Ia menuturkan, penjaminan diperlukan untuk meminimalisasi risiko jika suatu hal terjadi di bank syariah karena pokok wakaf tidak boleh berkurang. Dalam Pasal 27 PP No 42, disebutkan bahwa pada saat jangka waktu wakaf berakhir, nazhir wajib mengembalikan jumlah pokok wakaf uang kepada wakif.
 
Mustafa menuturkan, wakaf berjangka juga memungkinkan untuk penempatan dana haji calon jamaah yang telah mendapat porsi haji melalui bank syariah. Sedangkan, pengamat wakaf, Uswatun Hasanah, mengatakan, hal ini perlu pengkajian lebih dalam.

“Harus dikaji modelnya seperti apa, sesuai tidak dengan hukum wakaf. Andai sudah dikaji dan hasilnya bisa, harus ada ikrar dari wakif dan hasil peruntukkan wakaf. Selain itu, juga perlu koordinasi dengan Kementerian Agama karena mereka yang menentukan keberangkatan haji. Jangan sampai calon haji ini dibilang berangkat dalam waktu empat tahun, ternyata tiba-tiba dimajukan jadwalnya,” kata Uswatun, Rabu (2/6).

Pentingnya penjamin

Untuk sementara, wakaf uang hanya bisa ditanamkan di produk perbankan syariah yang memiliki penjamin. “Saat ini, BWI membahas penjaminan risiko, jaga-jaga jika bank kolaps. Salah satu yang kita mulai bahas adalah membuat sistem, seperti pengumpulan dana wakaf produktif dan dari sejumlah hasil yang diperoleh dari wakaf produktif. Dananya untuk penjaminan risiko,” ujar Mustafa.

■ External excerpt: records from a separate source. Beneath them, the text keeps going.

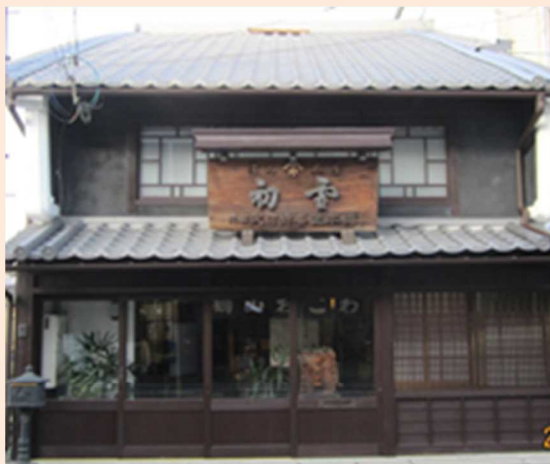
令和4年度 津山市景観賞 【建築物部門】 武田待喜堂修理
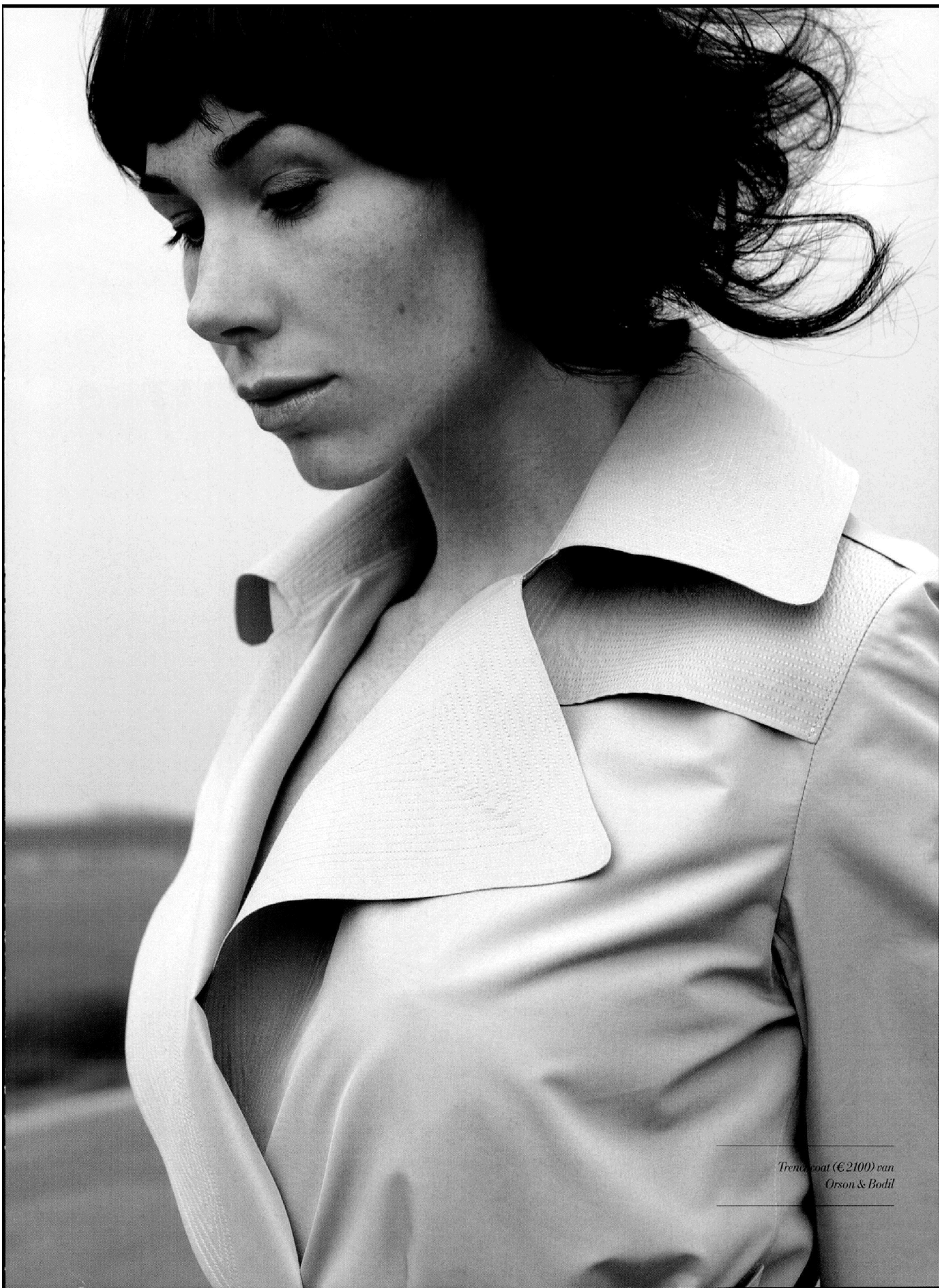
Trench coat (€2100) van Orson & Bodil
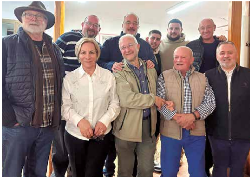
Reunió de la regidora amb membres d'AVA-ASAJA i regants.

Segons va assenyalar la regidora, "l'Ajuntament mai ha donat l'esquena a l'agricultura, però és cert que el sector ha anat perdent pes en l'economia local, un fenomen que no és exclusiu de Canet
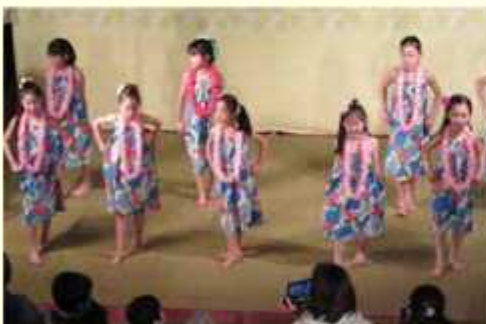
ハワイアンフラ（クラブフェスタ）
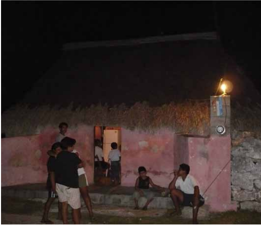
Figura 10. Casa maya tradicional en Dzemul.
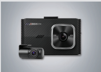
아이나비 블랙박스(16GB) 220,000원

Uswatun pun mengingatkan pentingnya penjamin. “Kalau jumlah wakaf uang kecil bisa pakai lembaga penjamin simpanan. Namun, kalau jumlahnya banyak harus diasuransikan di asuransi syariah dan ini perlu peran aktif perbankan syariah dan lembaga lainnya,” kata Uswatun.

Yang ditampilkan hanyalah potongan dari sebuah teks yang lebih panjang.